Una empresa de condimentos sin azúcares añadidos presentó una solicitud de protección por bancarrota bajo el capítulo 11.
La firma señaló que la medida responde a una batalla legal con su socio distribuidor PIM Brands, motivo que impulsó la decisión.
Aunque mantenía colocación en grandes cadenas minoristas y crecimiento en ventas, acumuló pasivos que van de US$ 1 a 10 millones y activos estimados entre US$ 500.000 y US$1.000.000.
A pesar del impase legal, la empresa afirma que sus productos continúan a la venta en determinados supermercados y que espera reestructurarse para volver a una posición más sólida en el mercado.
La empresa norteamericana True Made Foods (Alexandria, Virginia), que se dio a conocer por sus salsas, ketchup y condimentos elaborados sin azúcares refinados, ha presentado una solicitud voluntaria bajo el capítulo 11 de la ley de bancarrota estadounidense.
Según los documentos presentados, y revelados por Money Digest, la compañía reportó activos estimados entre US$ 500 000 y 1 millón, y pasivos que oscilan entre US$ 1 y 10 millones. El origen del problema radica -según la propia empresa- en una demanda presentada por PIM Brands, un fabricante mayorista de productos alimenticios, lo que llevó a True Made Foods a emplear la vía de bancarrota para frenar legalmente la disputa.

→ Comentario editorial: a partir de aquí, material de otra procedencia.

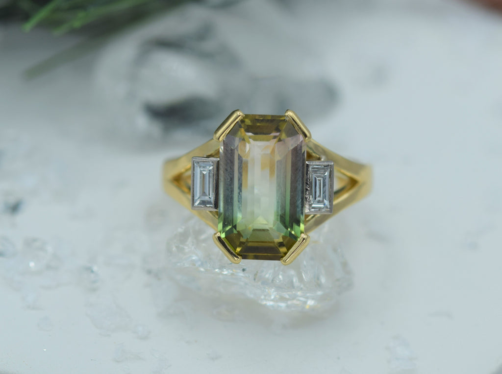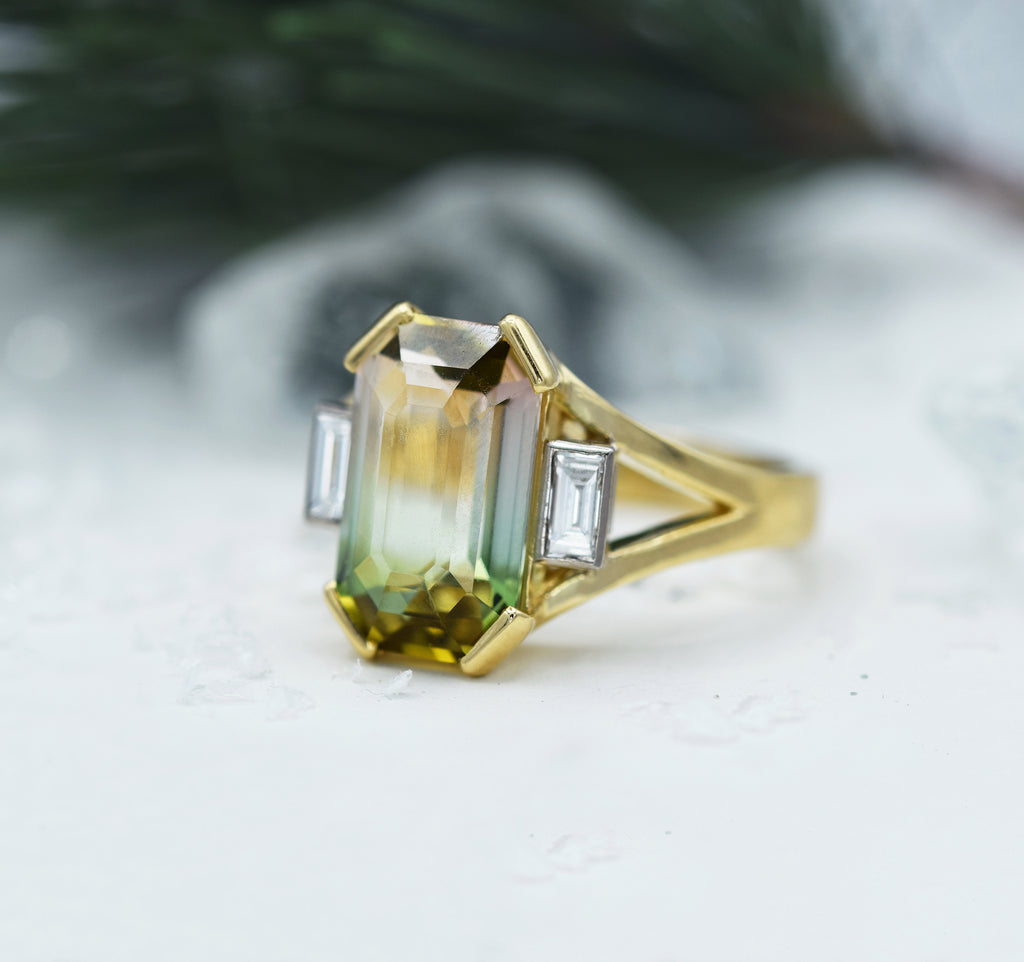 18k Yellow Gold | Emerald Cut Watermelon Tourmaline | Baguette Cut Diamonds

True Made Foods fue fundada en 2015 por el ex piloto naval Abraham Kamarck junto a los barbacueros Ed y Ryan Mitchell. Su propuesta se basó en reimaginar los condimentos tradicionales —ketchup, mostaza, salsas BBQ y picantes— sustituyendo el azúcar o jarabe de maíz por fruta o verdura para dar sabor.
En su mejor momento, la empresa había logrado presencia en más de 5.000 puntos de venta y levantado aproximadamente US$ 6,9 millones en financiación. Sin embargo, con el impacto de la pandemia de COVID-19 y la pérdida de espacios de exhibición en grandes cadenas como Kroger y Safeway, el crecimiento se frenó y las dificultades comenzaron a acumularse.
De acuerdo una nota de Geekspin, la reubicación de productos, el endurecimiento de la competencia en el segmento de alimentos “más sanos” y la crisis logística fueron factores que erosionaron parte de su rendimiento. Según la empresa, aun cuando las ventas seguían creciendo en ciertos canales, la demanda de recursos para litigar contra PIM Brands se volvió insostenible.
En qué consiste el Capítulo 11 en EE.UU. y por qué las empresas lo usan
El capítulo 11 permite que la empresa continúe operando bajo supervisión judicial mientras renegocia deudas y busca nuevas vías de financiamiento. En el comunicado, el CEO Kamarck declaró: “Esperamos salir del otro extremo más fuertes”.
Entre los retos inmediatos emergen la negociación con acreedores, la reestructuración del modelo de distribución, la recuperación de espacios en estanterías y la redefinición de su proposición de valor frente a los grandes competidores.
Para sus clientes y consumidores habituales, los productos de True Made Foods aún están disponibles en ciertas cadenas como Whole Foods Market, Sprouts Farmers Market, The Fresh Market y algunos comercios online.
No obstante, la situación plantea incertidumbre sobre la continuidad de la marca, la disponibilidad futura de sus líneas de productos y la protección de los derechos de sus empleados, distribuidores y socios comerciales.
Desde el punto de vista del mercado de alimentos, este caso ilustra varios aspectos: el desafío de escalar una marca “alternativa” en un entorno dominado por grandes corporaciones; la vulnerabilidad que sufren los negocios de mediano tamaño frente a cambios en el canal minorista; y el impacto de litigios que pueden erosionar una empresa aun cuando su producto goce de aceptación.